Hi all, I'm hoping someone here can give me some advice and convince me I'm not a dreadful puppy mummy as I'm today feeling very down...
We picked Maisie up 10 days ago and she turns 10 weeks tomorrow. For the first week everything was great at night - 5 mins of complaining then no sound until 6.30ish and a dry crate. Fabulous! However, the last 3 nights (after only 5 mins complaining still and no noise during the night) I am coming down in the morning to poo all over her bedding. I don't know what to do! She has her last meal about 4.30 and does a poo about 8pm when she then crashes out on the sofa - I wake her to go outside to the loo when we go to bed about 11pm but she is do tired that it is almost like a "dream wee" and often she tries to fall asleep on the lawn rather than do her business. I am just concerned that she will get into the habit of pooing in her crate. I think she must be doing it during her 5 mins of whining as it is very dry by the time I come down in the morning (can't believe I'm writing about the dryness of poo...)

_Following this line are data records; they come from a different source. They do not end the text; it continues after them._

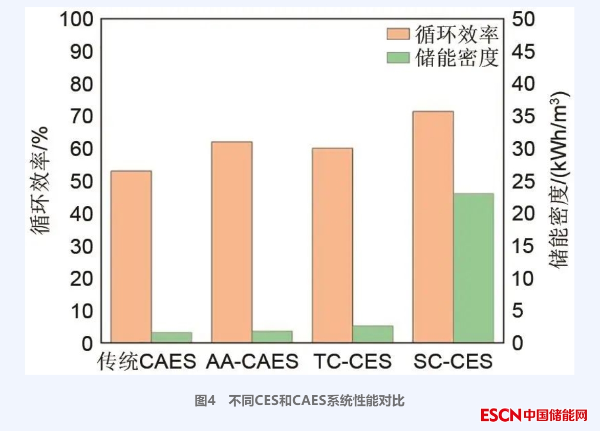 北京大學(xué)Zhang等研究了基于熱水蓄熱的跨臨界和超臨界壓縮二氧化碳儲(chǔ)能系統(tǒng)。如圖3所示,這兩種系統(tǒng)本質(zhì)上沒(méi)有區(qū)別,TC-CES系統(tǒng)相較于SC-CES系統(tǒng)另外設(shè)計(jì)了壓縮前預(yù)熱器,目的是使低壓儲(chǔ)罐中的液態(tài)CO2在進(jìn)入壓縮機(jī)前完全氣化,而SC-CES系統(tǒng)低壓儲(chǔ)罐中CO2本身就處于超臨界態(tài),可直接進(jìn)入壓縮機(jī)。研究發(fā)現(xiàn)系統(tǒng)以1 MW釋能功率輸出時(shí),跨臨界運(yùn)行CO2工質(zhì)流量為38.52 kg/s,循環(huán)效率為60%,儲(chǔ)能密度為2.6 kWh/m3;超臨界運(yùn)行CO2工質(zhì)流量為6.89 kg/s,循環(huán)效率為71%,?效率為71.38%,儲(chǔ)能密度為23 kWh/m3。結(jié)合文獻(xiàn)[21-22]的研究結(jié)果,圖4對(duì)比了傳統(tǒng)CAES、AA-CAES、TC-CES和SC-CES系統(tǒng)在釋能功率均為1 MW工況下的循環(huán)效率和能量密度數(shù)據(jù)??梢园l(fā)現(xiàn),TC-CES的循環(huán)效率高于傳統(tǒng)CAES,但略低于AA-CAES,其儲(chǔ)能密度均高于傳統(tǒng)CAES和AA-CAES;而SC-CES的循環(huán)效率最大,且其儲(chǔ)能密度遠(yuǎn)高于其他三種系統(tǒng)。因此,雖然SC-CES比CAES系統(tǒng)額外增加了低壓儲(chǔ)存設(shè)備用于釋能過(guò)程中透平存儲(chǔ)出口CO2(對(duì)于SC-CES系統(tǒng)此時(shí)CO2仍處于超臨界態(tài)),但由于其工質(zhì)整體儲(chǔ)存容積需求較低,所以仍具有較高的儲(chǔ)能密度。
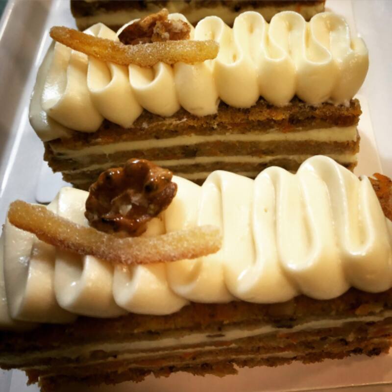 La carta para delivery (hacen envío en el barrio o pedidos vía Rappi a toda la ciudad de Buenos Aires) incluye salados, como wrapps de salmón ($ 400), sandwich de rúcula, jamón serrano y cremoso ($ 365), panini de albahaca, muzzarella y tomate ($ 255). Entre los dulces, en formato mini torta, se puede elegir: cheesecake (tradicional, de dulce de leche o de chocolate blanco), ópera de pistacho y choco, lemon pie, crumble de manzanas ($ 200 promedio la unidad), además de scones, macarones, cookies y budines.
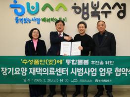 대구 수성구는 오는 3월 27일 통합돌봄 사업의 본격 시행을 앞두고, ‘장기요양 재택의료센터 시범 사업’의 원활한 추진과 지역 통합돌봄 체계 구축을 위해 범어연합내과의원과 업무협약을 체결했다고 밝혔
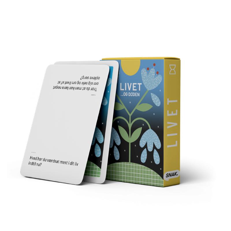 LIVET OG DØDEN er et sæt samtalekort som berør glæden og smerten ved livet. Spørgsmålene imødekommer de svære samtaler der er gode at tage for alle, særligt når døden kommer helt tæt på. Stil spørgsmål som: Hvad vil du gerne huskes for? Har døden været tæt på i dit liv? Hvilke relationer i dit liv har gjort at du er vokset som menneske?
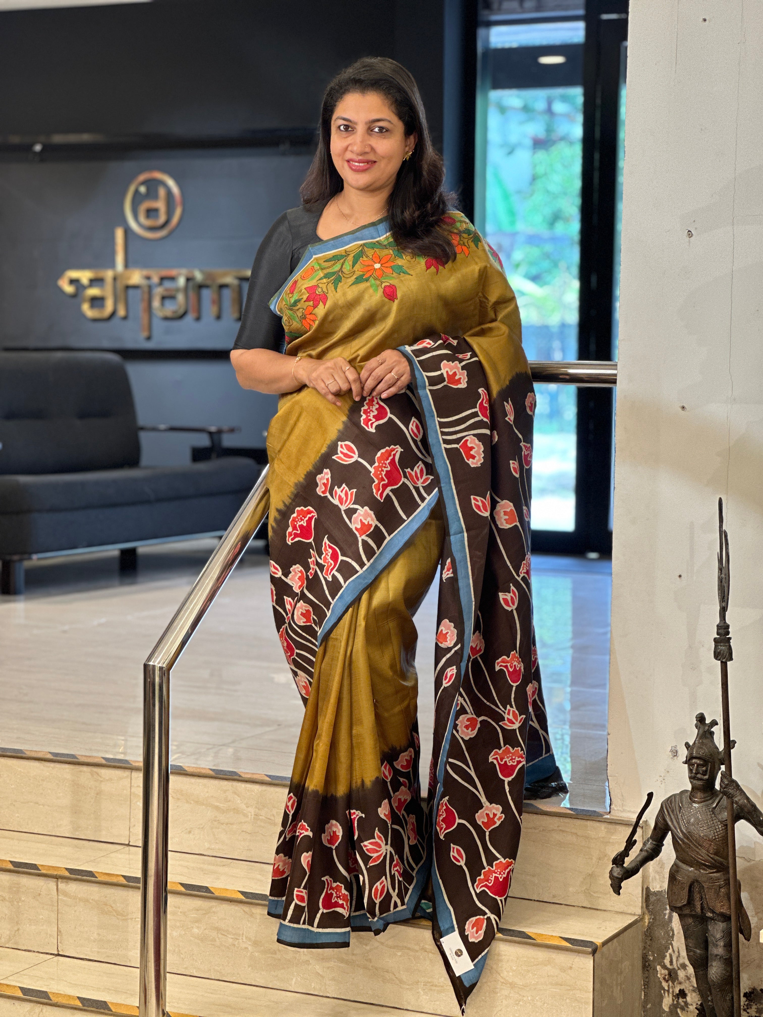 - Style: Kantha Embroidery Detailing, Silk Painted Floral Patterned Lower Borders & Pallu
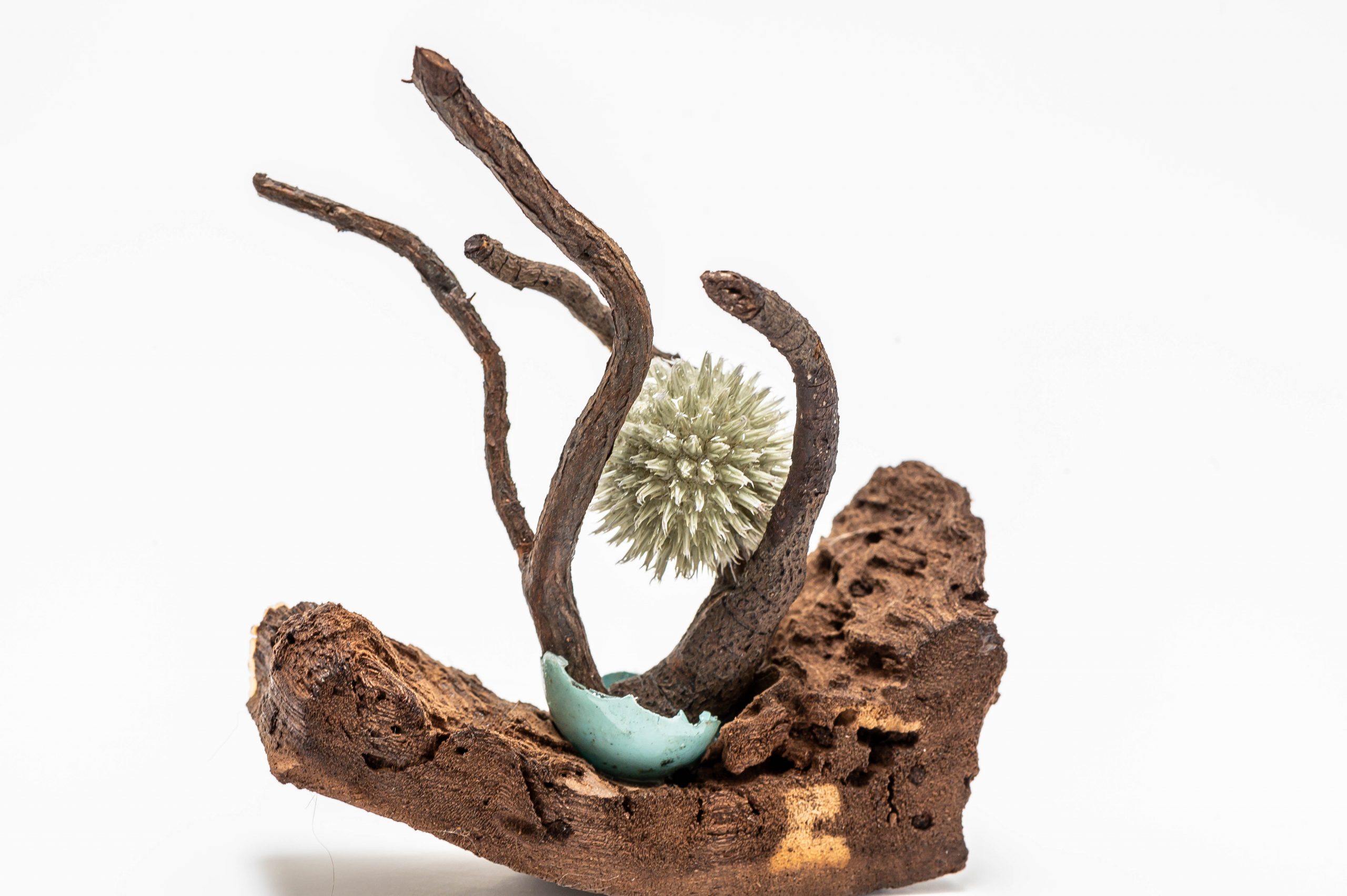 L’artiste plasticienne propose également plusieurs sculptures des séries «Dames nature» et «Prendre racine». Ces petits bouts de femme et quelques messieurs fabriqués à partir d’ossements, de racines et d’autres matériaux naturels prennent la pose fièrement. Ils imposent aux visiteurs un moment d’arrêt et de réflexion sur l’infinie richesse que la nature a à offrir, mentionne l’artiste.
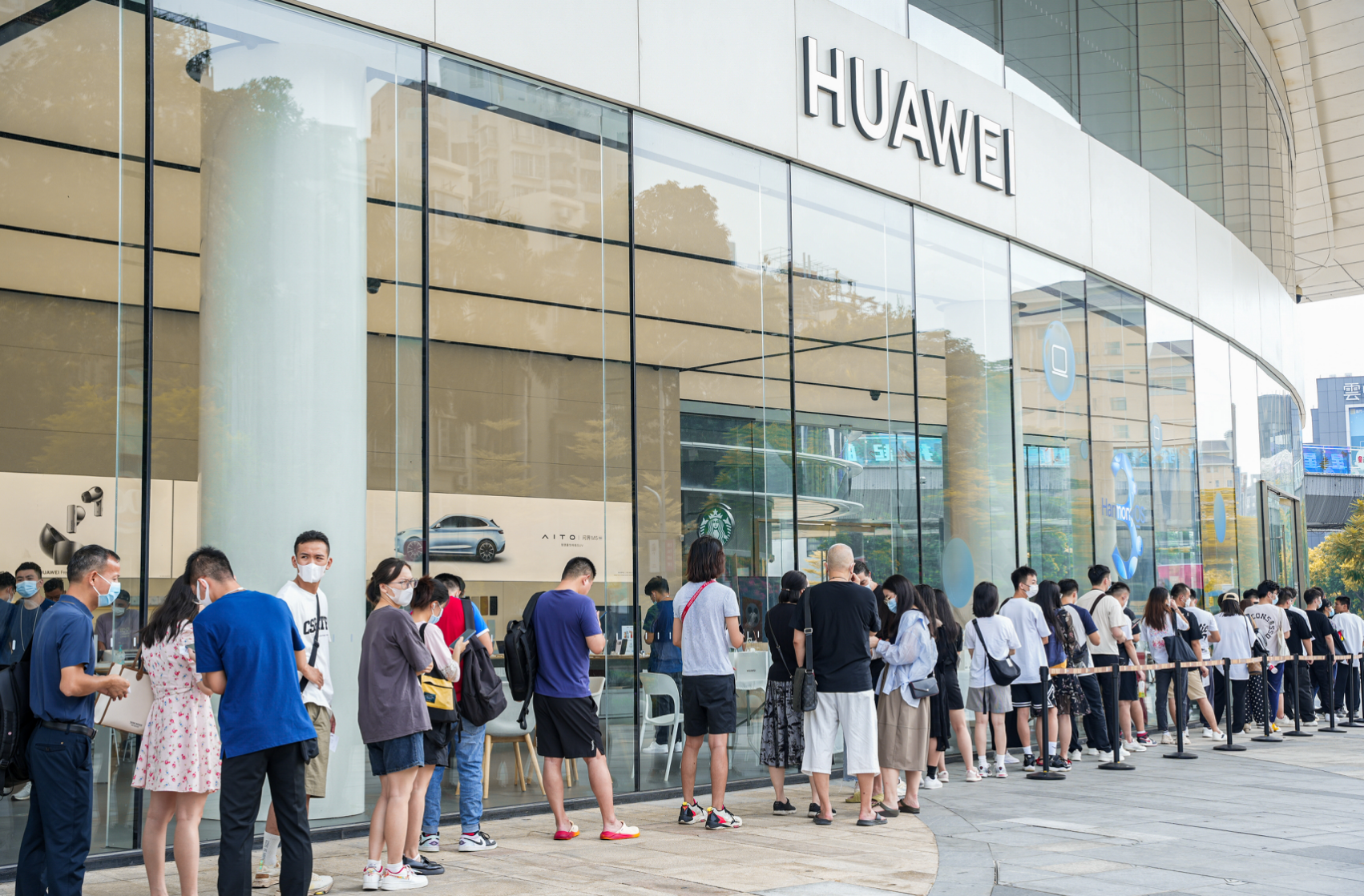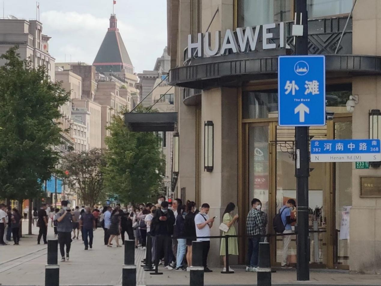9月21日上午9:40,时代周报记者来到位于上海南京东路的华为全球旗舰店,尽管还未开门营业,门店门口已经大排长龙,聚集了众多等待购机的消费者。
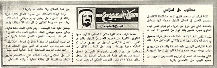 كلما قرأت أو سمعت فتوى لأحد مشايخنا الأفاضل بتحريم العمل في أعمال البنوك بحجة أنها تتعامل بالفائدة التي هي نوع من الربا، لم ترتح نفسي لهذه الفتوى مجرد شعور بأنه نوع من التحجير لا أجد له مبررا ولكني أيضا لا أجد دليلا ضده حتى قرأت ما سبق لي أن قرأته ولكن بدون تدبر وكأنني أقرأه لأول مرة، تلك قصة اقتراض الرسول عليه الصلاة والسلام من يهودي مراب ورهنه درعه عنده وإجابة الرسول لدعوة اليهودية التي وضعت له السم في ذراريح الشاه ومن المعروف أن جميع اليهود من المتعاملين بالربا.
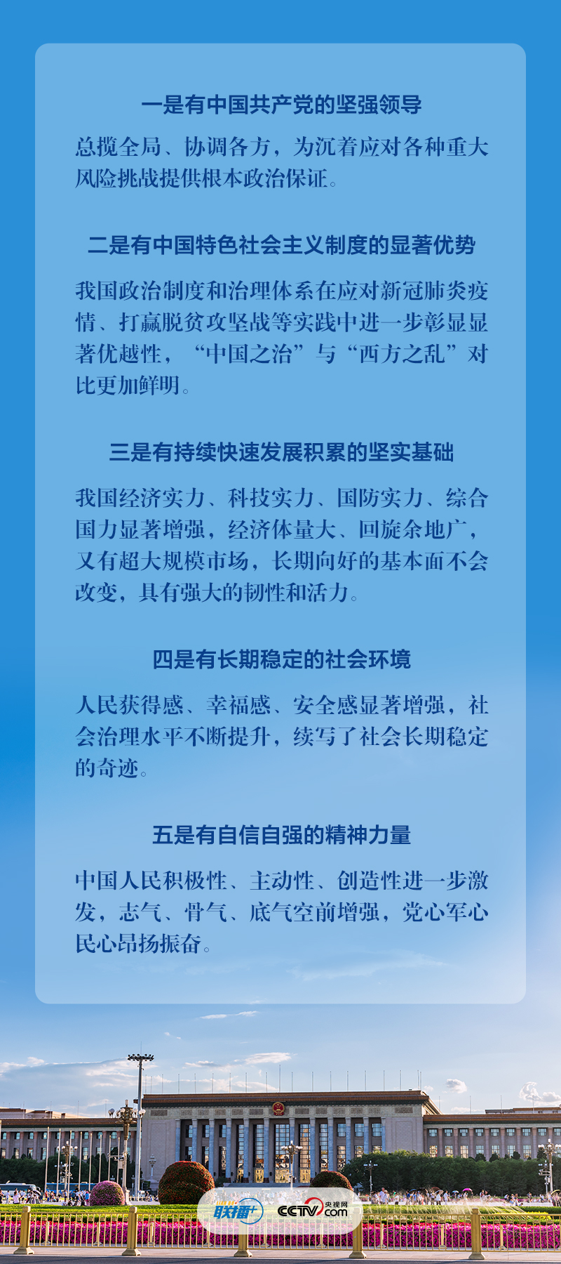當前,國際形勢繼續發生深刻復雜變化,百年變局和世紀疫情相互交織,經濟全球化遭遇逆流,大國博弈日趨激烈,世界進入新的動蕩變革期,國內改革發展穩定任務艱巨繁重。總書記在講話中列舉了我國發展中具備的五方面戰略性有利條件:
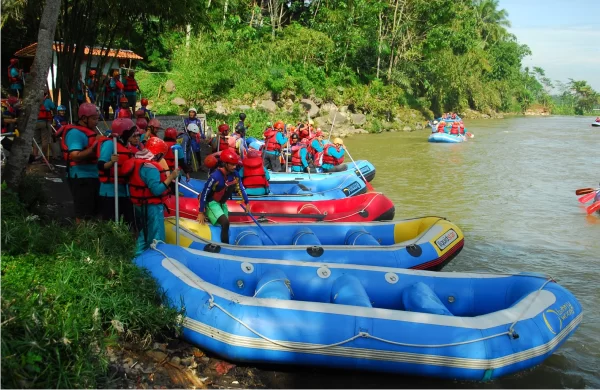 Arung jeram adalah salah satu aktivitas olahraga ekstrem yang melibatkan navigasi perahu melalui air yang deras dan berliku. Aktivitas ini biasanya dilakukan di sungai atau sungai deras dengan menggunakan perahu khusus yang dilengkapi dengan peralatan keselamatan seperti helm dan jaket pelampung. Dapatkan pengalaman sekali seumur hidup selama trip kamu ke Banjarnegara dengan mencoba rafting di Sungai Serayu yang menakjubkan, sungai terpanjang di Jawa Tengah. Kagumilah pemandangan di sekeliling sungai, seperti hutan tropis, air terjun yang mengagumkan, dan ngarai-ngarai indah!. Setelah tiba, kamu akan berganti pakaian dan memakai peralatan rafting. Tak lupa juga ada pengarahan oleh pemandu profesional tentang teknik rafting yang benar dan aturan keamanan berkegiatan. Mulailah petualangan rafting kamu selama sekitar 2 s/d 3 jam dan rasakan dinginnya air sungai menerpa kulit saat kamu hendak mencapai garis finish. Beristirahatlah dan kembalikan energi kamu dengan menyantap kelezatan buffet. Tersedia menu masakan lokal yang segar. Kemudian, mandi dan kembali ke kota hotel atau asal. Ini merupakan petualangan asyik yang bisa diikuti seluruh anggota keluarga, apalagi para pemburu adrenalin di Jawa Tengah.
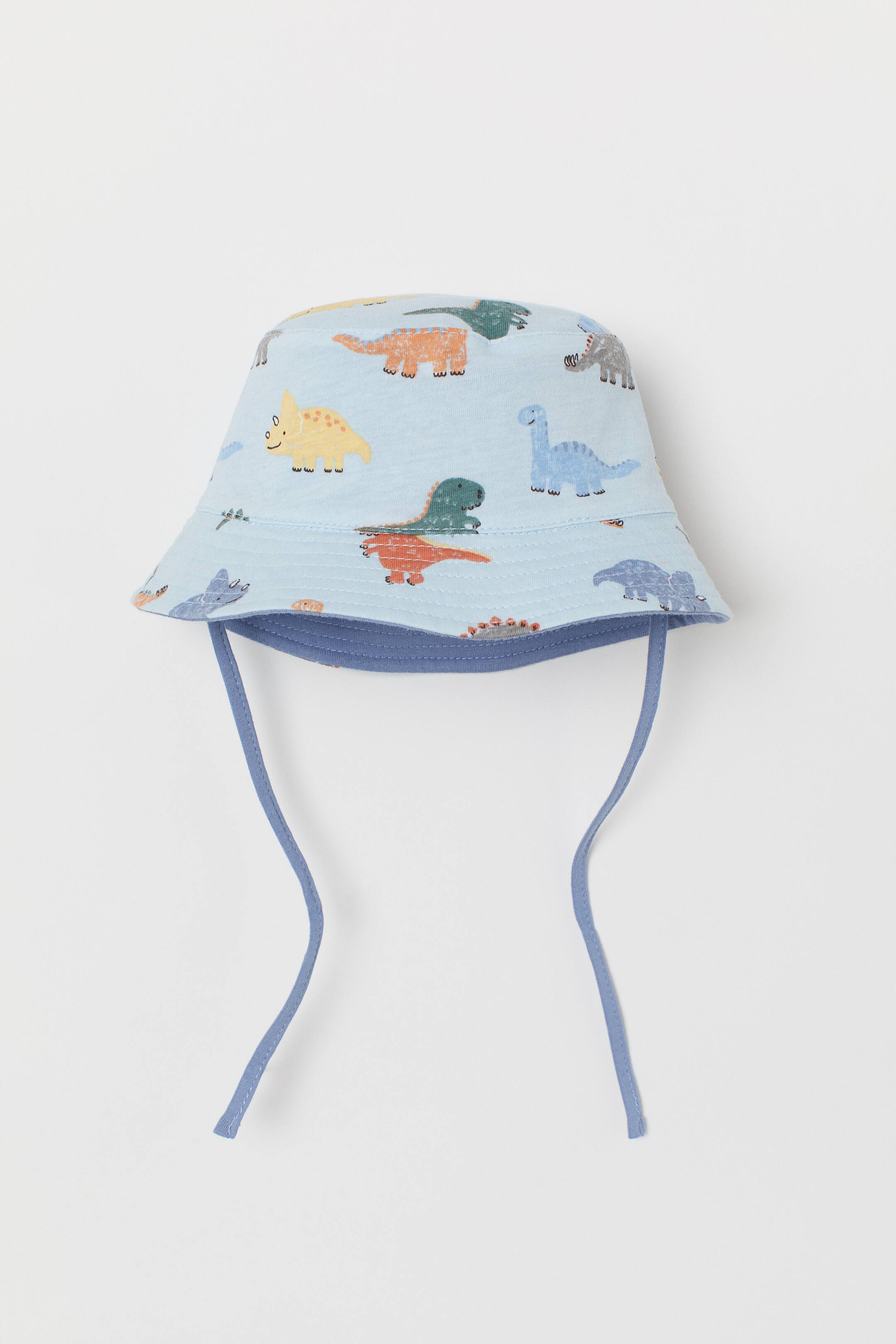 Reversible sun hat in soft cotton jersey with one patterned side and narrow ties at the sides. Width of brim approx. 4 cm.
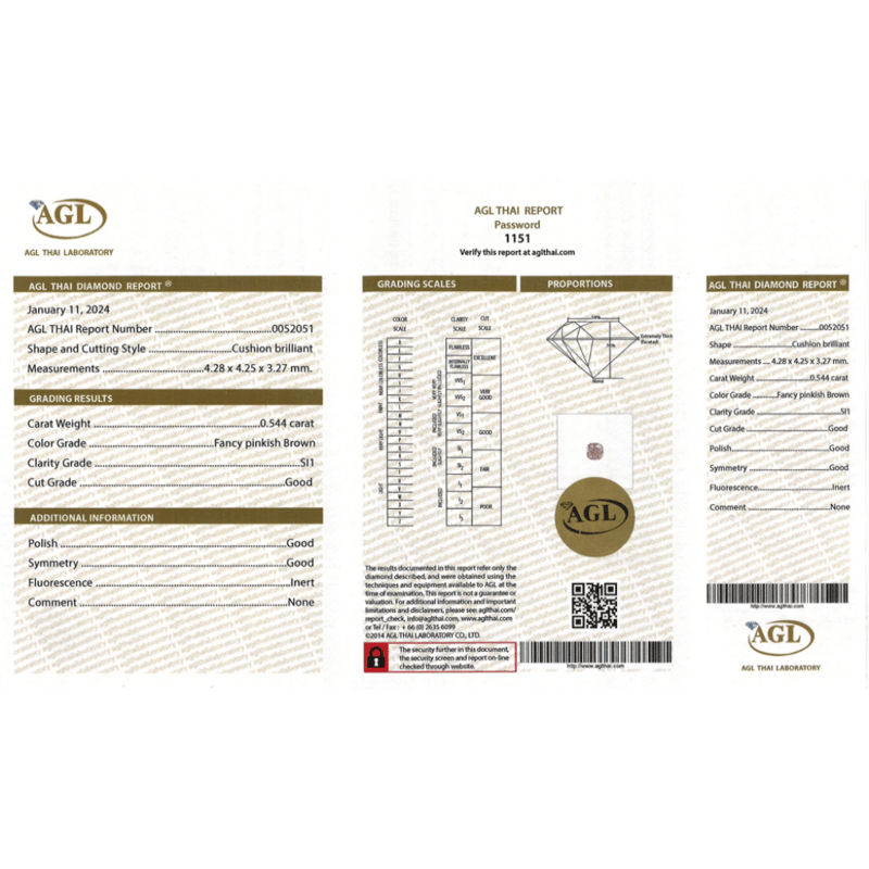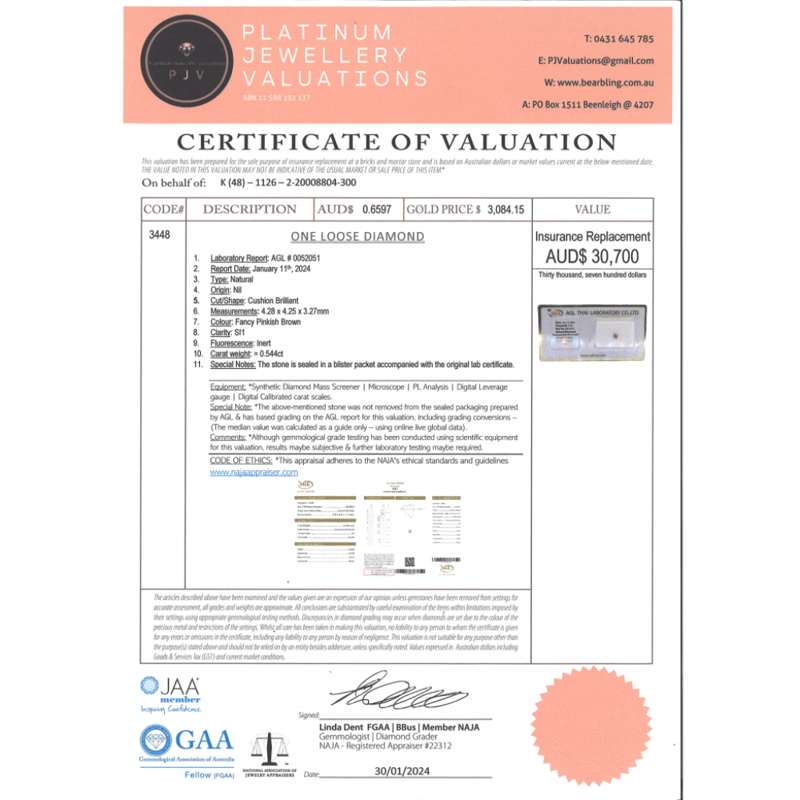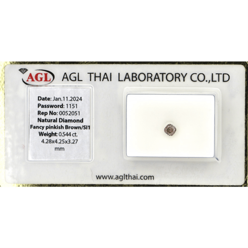0.544CT CERTIFIED, NATURAL FANCY PINK DIAMOND Cushion Brilliant Cut, Fancy Pinkish-Brown, Si1 Clarity, Loose, Unset. Stone Comes Sealed With Agl Report: 0052051. Valuations Provided by an Independent Third-Party Professional Not Directly Associated With Lloyds Auctions at AUD $$30,700.00This valuation has been conducted by an independent third-party professional. The valuation amount is an assessment by the issuing valuer and does not reflect the auction value of the item. Any inquiries regarding the valuation should be directed to the issuing valuer (refer to contact details on the certificate), as Lloyds Auctions has no affiliation or influence over the valuation, the valuer, or the stated amount. Condition: Good - Refer Images 0645966+2260

Hoping one of you can help! Thank you. X


----------



## RuthMill (Jun 30, 2012)

I would suggest waking her up at least half and hour before going to bed and playing with her so she is more alert when going outside to do her final toilet before bed. Hopefully that way she will do what she needs to do and not mess her crate. 

It's very early days though and sounds like she's doing great otherwise.


----------



## lady amanda (Nov 26, 2010)

how large is her crate? another issue could be that if it is too large she will feel that she can still go in there. adding a divider or a box covered by a blanket can be a big help


----------



## Maisiedog (Aug 19, 2013)

We try waking her but it's like raising the dead! Will keep trying though as hopefully she does need to go and maybe that's part of the reason for her whining. Her crate is 36" so quite big, although we have tried to give her 2 areas (one side with puppy pad and one with cushion, blankets etc) but her poos are on the cushion not the puppy pad and then she seems to sleep on the hard pad!!! Maybe I will try a covered box tonight - thank you for your suggestions! X


----------



## Sumes (Aug 3, 2013)

With Alfie and Dexter (now around 16 weeks) we literally halved their crate at night (using a laundry basket as the barrier!) so there was only room for their bed and turn around space but no where to go to toilet and we didn't have accidents. 
Understand how you feel as there are low moments but it'll get better!


----------